In the face of provocation from the southern-dominated media which repeatedly showed humiliating posters and cartoons of the slain northern politicians, on the night of 29 July 1966, northern soldiers at Abeokuta barracks mutinied, thus precipitating a counter-coup, which may very well have been in the planning stages. The counter-coup led to the installation of Lieutenant-Colonel Yakubu Gowon as Supreme Commander of the Nigerian Armed Forces, despite the intransigence of Mohammed who wanted the role of Supreme Commander for himself. Gowon was chosen as a compromise candidate. He was a Northerner, a Christian, from a minority tribe, and had a good reputation within the army. Ethnic tensions due to the coup and counter-coup increased and more mass pogroms in July and September 1966 took place.
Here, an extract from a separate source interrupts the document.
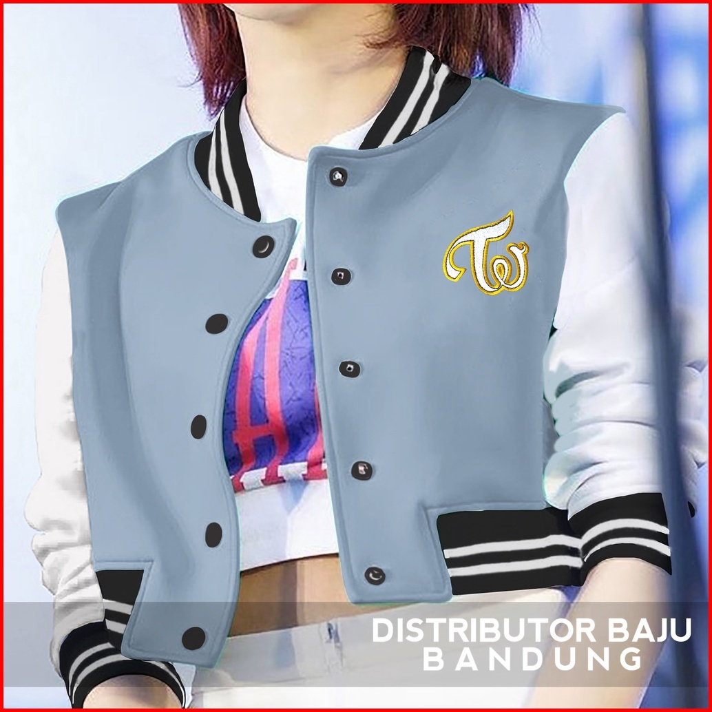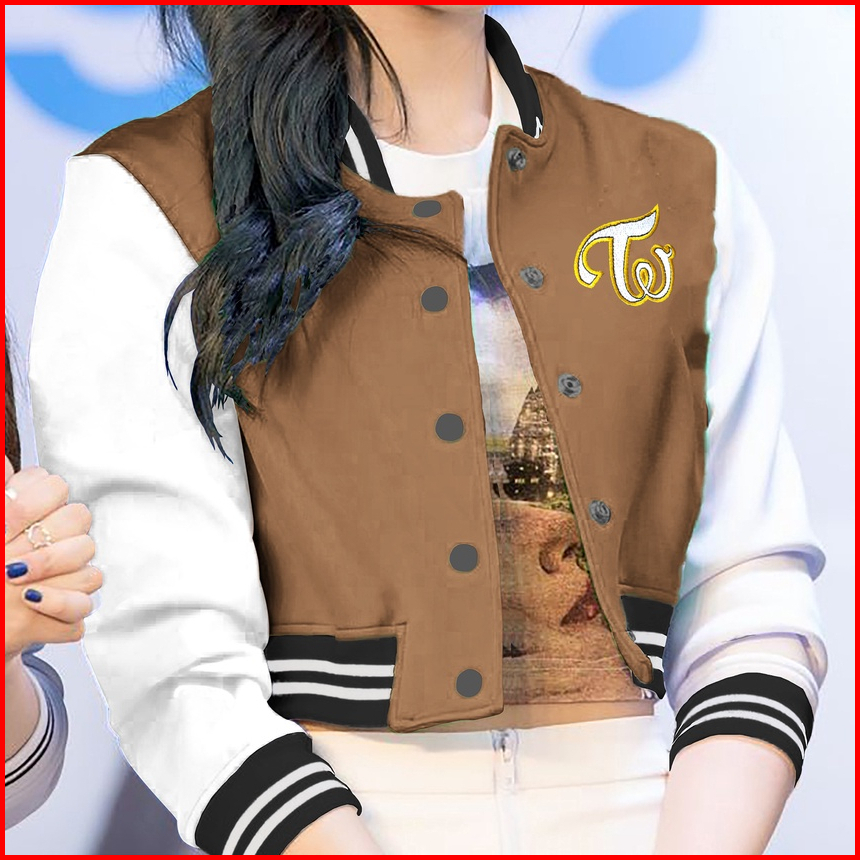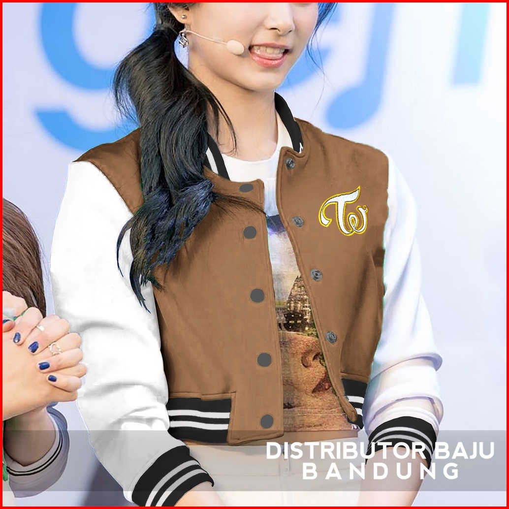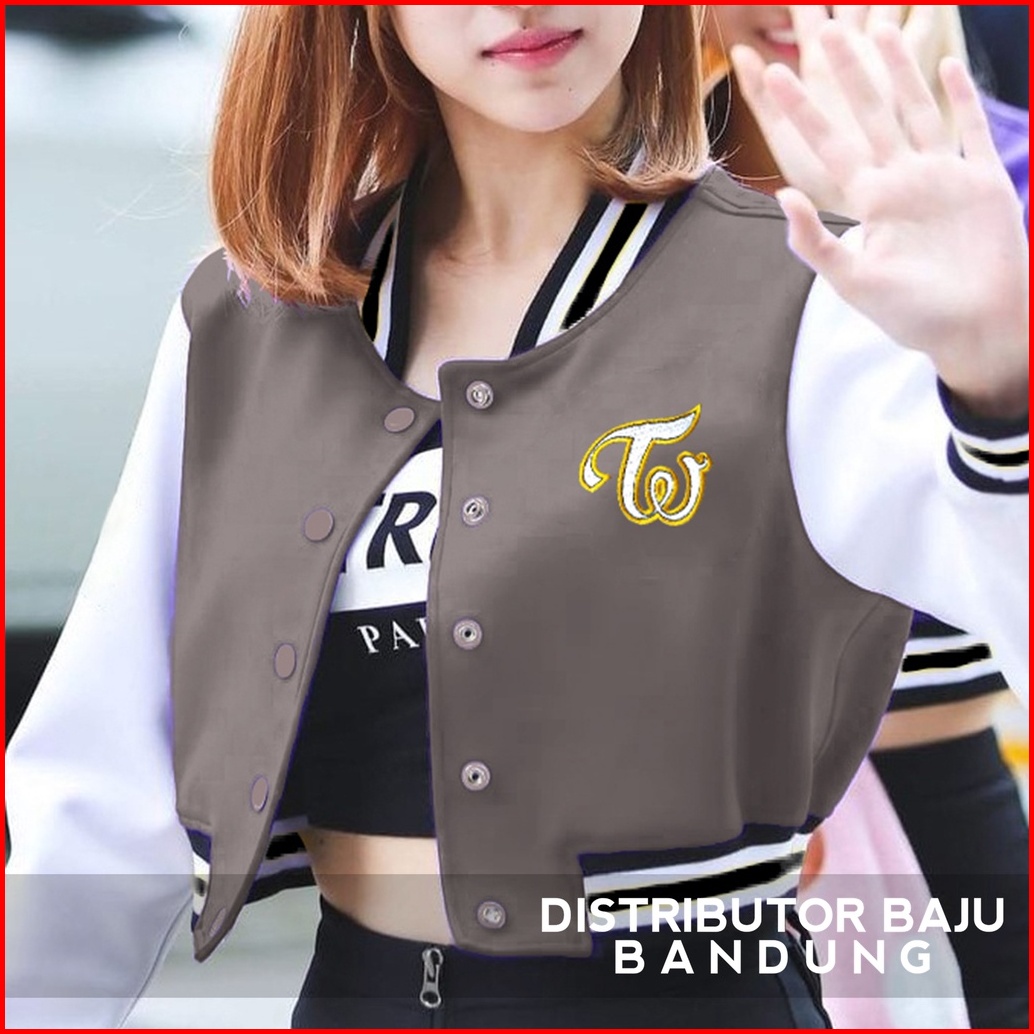 Jaket Baseball Crop Tw K-pop Style Varsity Atasan Wanita Jaket Wanita Bahan Fleece Allsize

See large-scale massacres of Christian Igbo living in the Muslim north.[19]

Breakaway

The military governor of the Igbo-dominated southeast, Colonel Odumegwu Ojukwu, citing the northern massacres and electoral fraud, proclaimed with southern parliament the secession of the south-eastern region from Nigeria as the Republic of Biafra, an independent nation on 30 May 1967. Although the very young nation had a chronic shortage of weapons to go to war, it was determined to defend itself. Although there was much sympathy in Europe and elsewhere, only five countries (Tanzania, Gabon, Côte d'Ivoire, Zambia and Haiti) officially recognised the new republic.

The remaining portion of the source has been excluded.